§ Instructions to follow
Retype the lines below exactly, from the one that contains "Bolsa tiracolo pequena" through the last, and leave every picture out.

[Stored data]

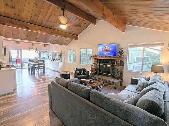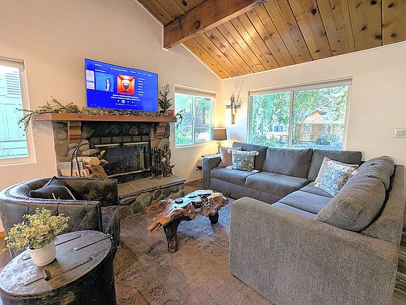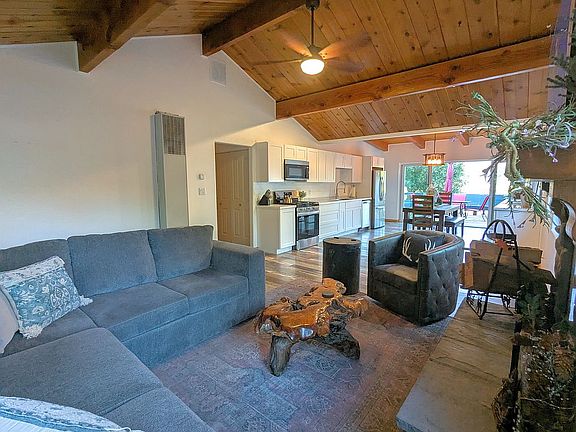 The newly remodeled 1,100 sq.ft. home offers open-concept living, designed for entertaining and relaxation. From the moment you step inside, you’ll be welcomed by a bright and spacious floor plan with vaulted tongue-and-groove ceilings, a cozy rock fireplace and expansive windows that frame uninterrupted views of Gold Mountain.
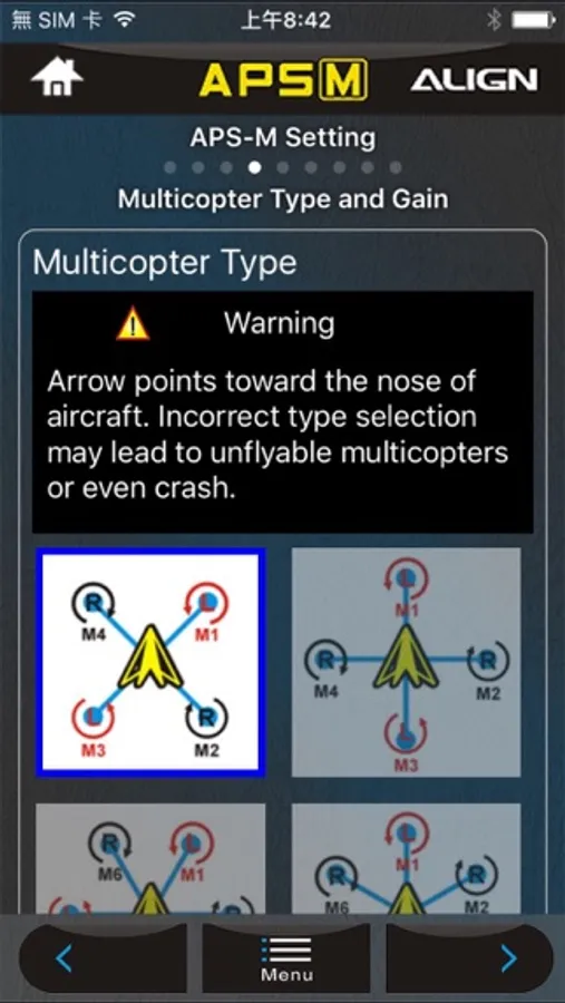 ・Supports 6 multicopter configurations: 4 rotors+, 4 rotors X, 6 rotors+, 6 rotors X, 8 rotors+, 8 rotors X.
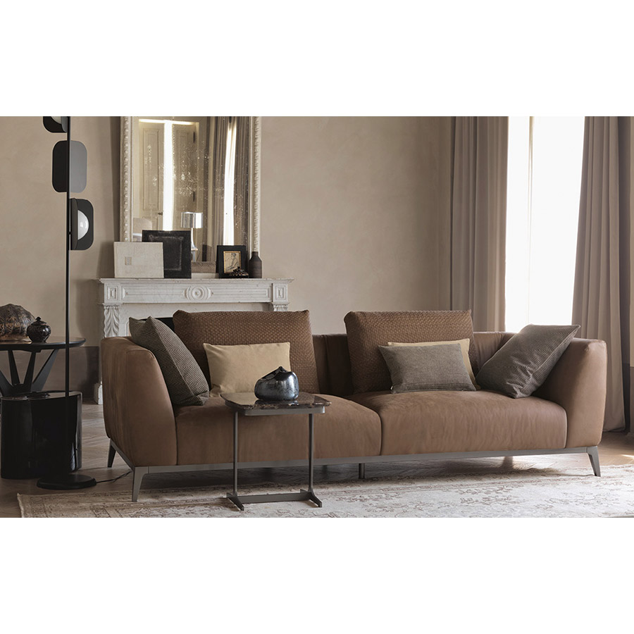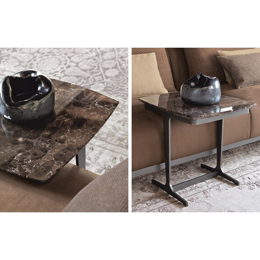 Created as the ideal complement to the Olivier sofas, these coffee tables are characterized by their marble top, and combine very well with the other sofas in the Flou collection. Matt burnished structure.
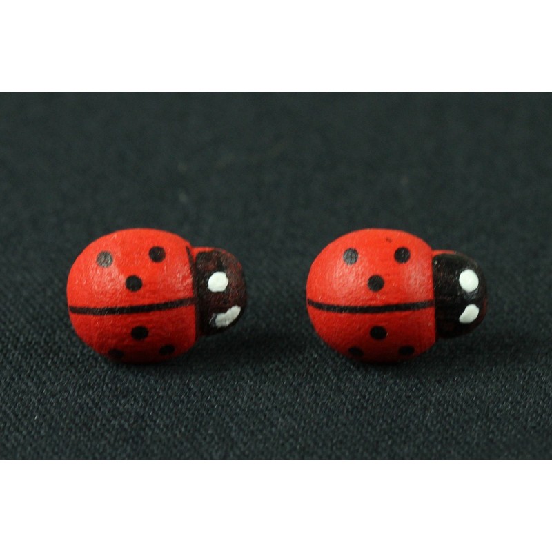 Miniblings Ladybird Beetle Stud Earrings Easter Wooden Extra Connectors
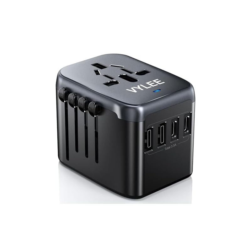Especificaciones: Adaptador de viaje universal, adaptador de corriente internacional 5 en 1, cargador de pared 3.5A 2xUSB-A y 2 USB C, enchufe esencial de viaje mundial para Europa, EE. UU., Reino Unido, AUS
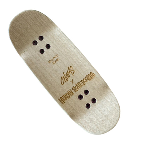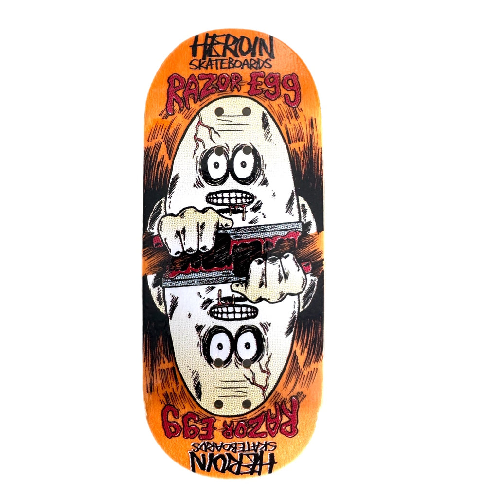 Limited edition and officially licensed collaboration between Chems and Heroin Skateboards! Recreating your favourite skateboard decks into highly functional fingerboards with authentic screen printed graphics. Available 37mm x 96mm Mid pro,Eggy (shape See Shape guide) Designed to fit 36mm trucks Very closely replicating the skateboard version High quality 5 ply maple deck. Includes 2 sheets of Black Cat Foam Tape and awesome stickers.
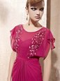 Home >  Prom Dresses >  Cheap Prom Dresses > Fuchsia Column/Sheath Scoop Cap Sleeves Chiffon Floor Length Zipper Beading Prom Gown
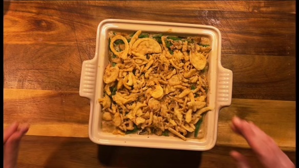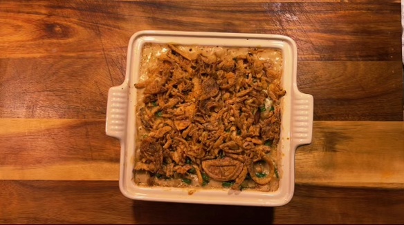 Once the initial 10 minute baking time is done, top with the other half of the container of fried onions and put it back into your 385 degree F oven for an additional 10 minutes.
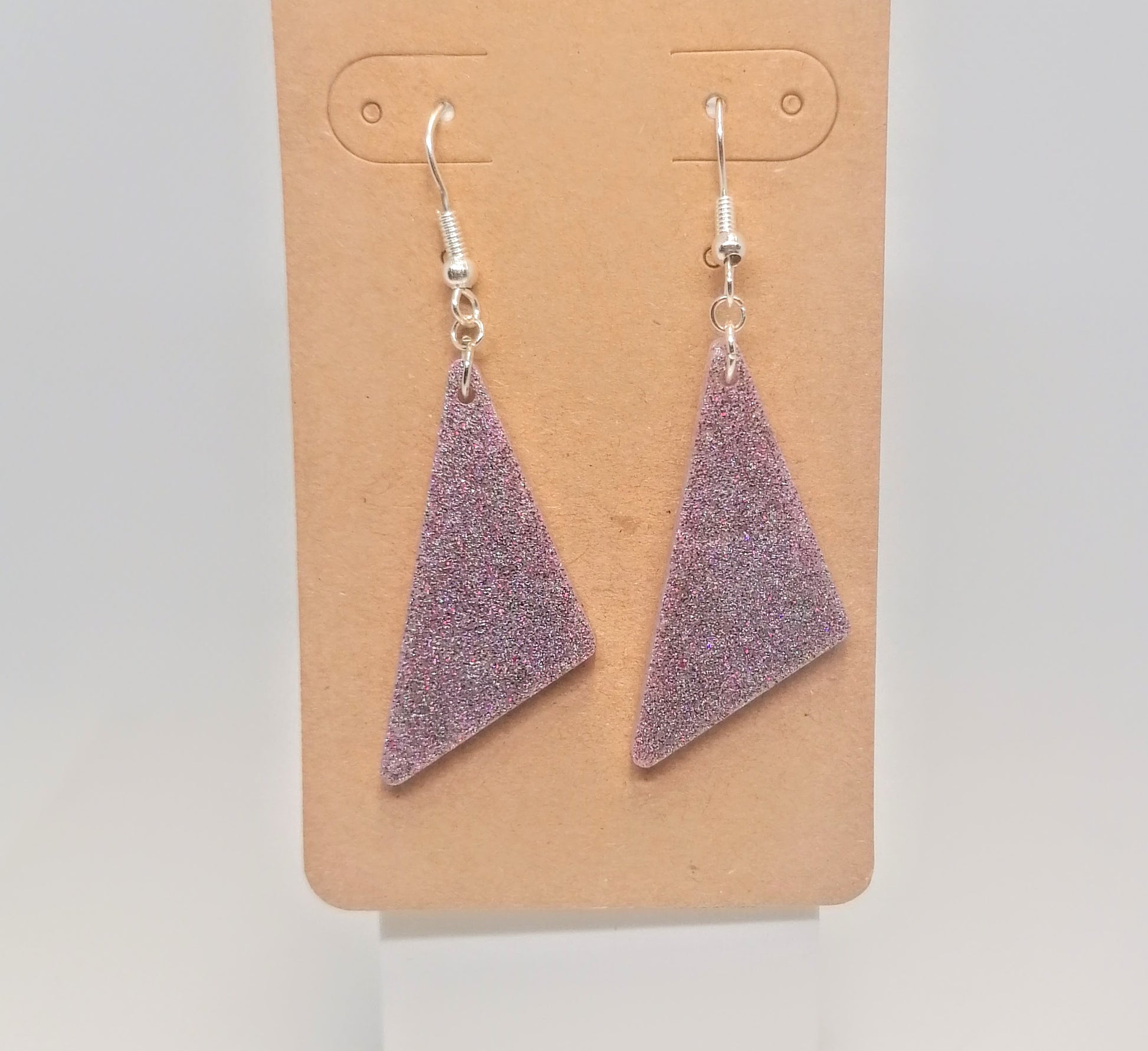 Hopeoitu rauta koukkukorvakoru. Riipus osa on glorexin kidehartsia. Kidehartsi on värjätty lilan sävyyn. Seassa myös glitteriä. Tuotteella ilmainen toimitus
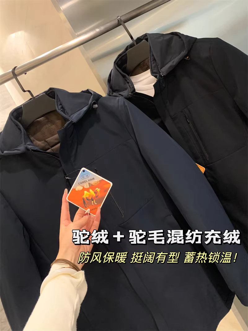 Dòng sản phẩm dành cho doanh nhân Don Quixote! Len lạc đà + ruột áo lông lạc đà! Áo khoác cotton có mũ trùm đầu dành cho nam.
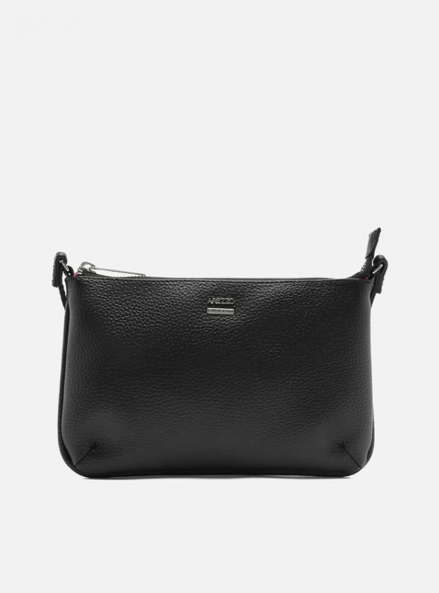 Bolsa tiracolo pequena preta. O modelo tem laterais arredondadas, fecho em zíper com puxador na parte superior e alça lateral fininha. Possui inscrição metálica AREZZO na capa frontal.
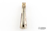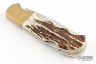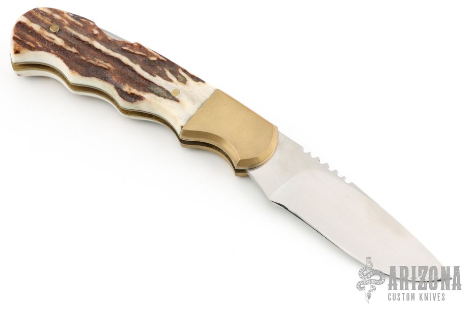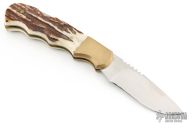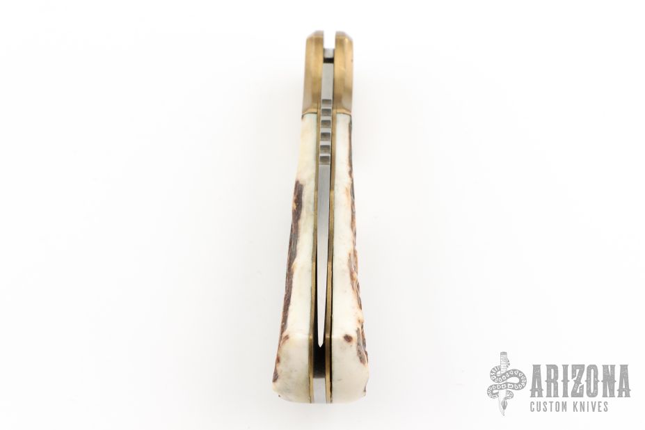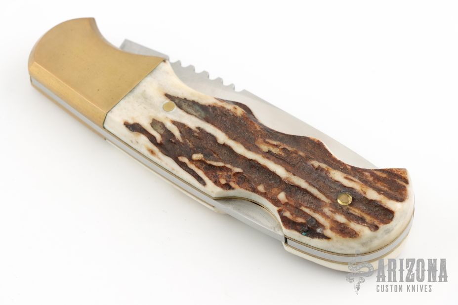 This stunning lockback folder from Seizo Imai features a hand rubbed satin finished clip point blade with notched thumb rest and nail nick. The handle features satin finished brass bolsters with beautiful stag scales, hand peened brass pins, and liners. Comes with a soft pouch. Has a couple light scuffs and scratches, excellent condition otherwise.

§ Your response
 Bolsa tiracolo pequena preta. O modelo tem laterais arredondadas, fecho em zíper com puxador na parte superior e alça lateral fininha. Possui inscrição metálica AREZZO na capa frontal.
 This stunning lockback folder from Seizo Imai features a hand rubbed satin finished clip point blade with notched thumb rest and nail nick. The handle features satin finished brass bolsters with beautiful stag scales, hand peened brass pins, and liners. Comes with a soft pouch. Has a couple light scuffs and scratches, excellent condition otherwise.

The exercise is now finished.